今のは彼女のことを考えずに動いた俺が悪い。なのに彼女は自分が悪いとでもいうかのように謝り、申し訳なさそうにする。なぜかは分からないが酷く苛立ちが湧き上がった。
本当に勝手な話で、自分に嫌気がさし、彼女からも目をそらした。
「今は謝るな」
つい棘を返すと、メアーは腕の中にうずくまり、耳をかぶせられてしまう。抱き着かれた腕に血が通った生物の温かさと、小さな体故の高い体温が伝わり眉をひそめてしまう。
そうだ、復讐ですべてを忘れていたが、フレミアにいち早く追いつくためには森を抜ける必要がある。
行商人も通る街道を通る手もあるにはあるが……王都までの街道にはいくつかの検問もある。変に目を付けられフレミアの耳に入るのだけは避けたい。

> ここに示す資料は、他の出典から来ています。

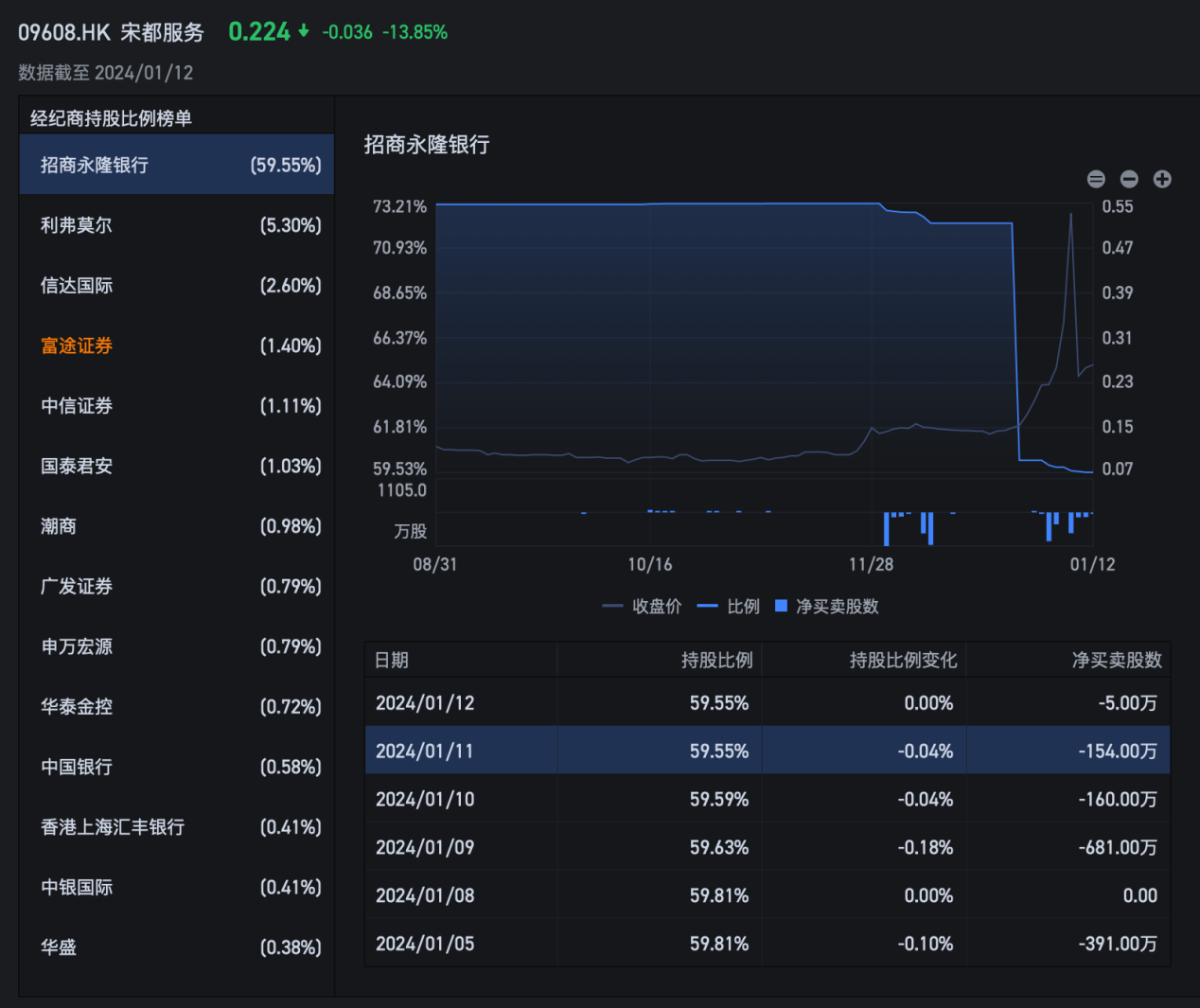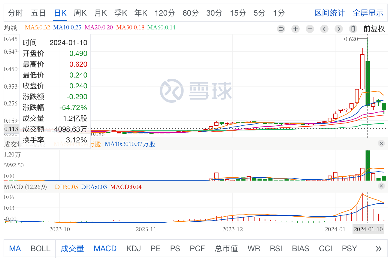连续11个交易日累计涨幅超280%后,1月10日收盘,宋都服务股价跌回0.24港元/股,当日收跌54.72%,巨量成交1.2亿股,成交额4098.63万港元,换手率3.12%。

どうするべきかと頭にリソースを回していると、メアーの耳がピクリと俺の背後へ動き、バッと顔を上げたと思うとゆっくりと俺の背後を指さした。
「ご主人さま、あっち」
「あっち? ……王都とは逆の方角か。それがどうかしたか」
「誰か来てる」
「なに?」
慌ててメアーに教えられた方へ視線を送るが、目に入ったのは赤くなり始めた空に、遠方に続く細い道だけ。
メアーが嘘をついた、にしてはメアーは偉く警戒しているようにも見える。
しばらくにらみ続けると、メアーの言った通り、御者に操られた馬にひかれ、大きな荷馬車が数人の人影とともに現れ、息をのんだ。
いったい、どれほど遠くからこいつらのことを察知したのか。
末恐ろしい少女の力に舌を巻き、目の前の誰かに注意を向けた。
昔からこの村は農村だ。この数年で変わったところはないと母さんたちは言っていた。なら、この村に立ち寄るのは商人か兵士隊だけ。
王都とは別の道から来た、ということはフレミアの別動隊か、行商人だろうか。
持ってきた剣の柄に手を伸ばすが、先頭を歩いている誰かのシルエットが人間には近しいが三角形の耳が頭上ん映えているのを見つけ、ふぅと緊張の糸を切った。
相手は亜人のようだ、フレミア隊に亜人は居ないはずだ。少なくとも亜人反対派の人間が亜人を使うとは考えられない。
安堵し一行を観察していると、突然先頭に居た亜人が手を上げ、背後の荷馬車を止め、あろうことか俺たちに気が付いたかのようにこちらに向かい始めた。
日に照らされて映し出されたその顔に俺は驚きを隠すことが出来ずに、声を漏らしてしまう。
「お前は……」
「あらあら、やっぱりまた会ったわね、リヴェリク君」
遠征に出かける直前、ルルルクさんの宿で出会ったリャーディコーシカの女商人――カリーナと名乗った亜人証人が笑顔で俺たちの前に立っていた。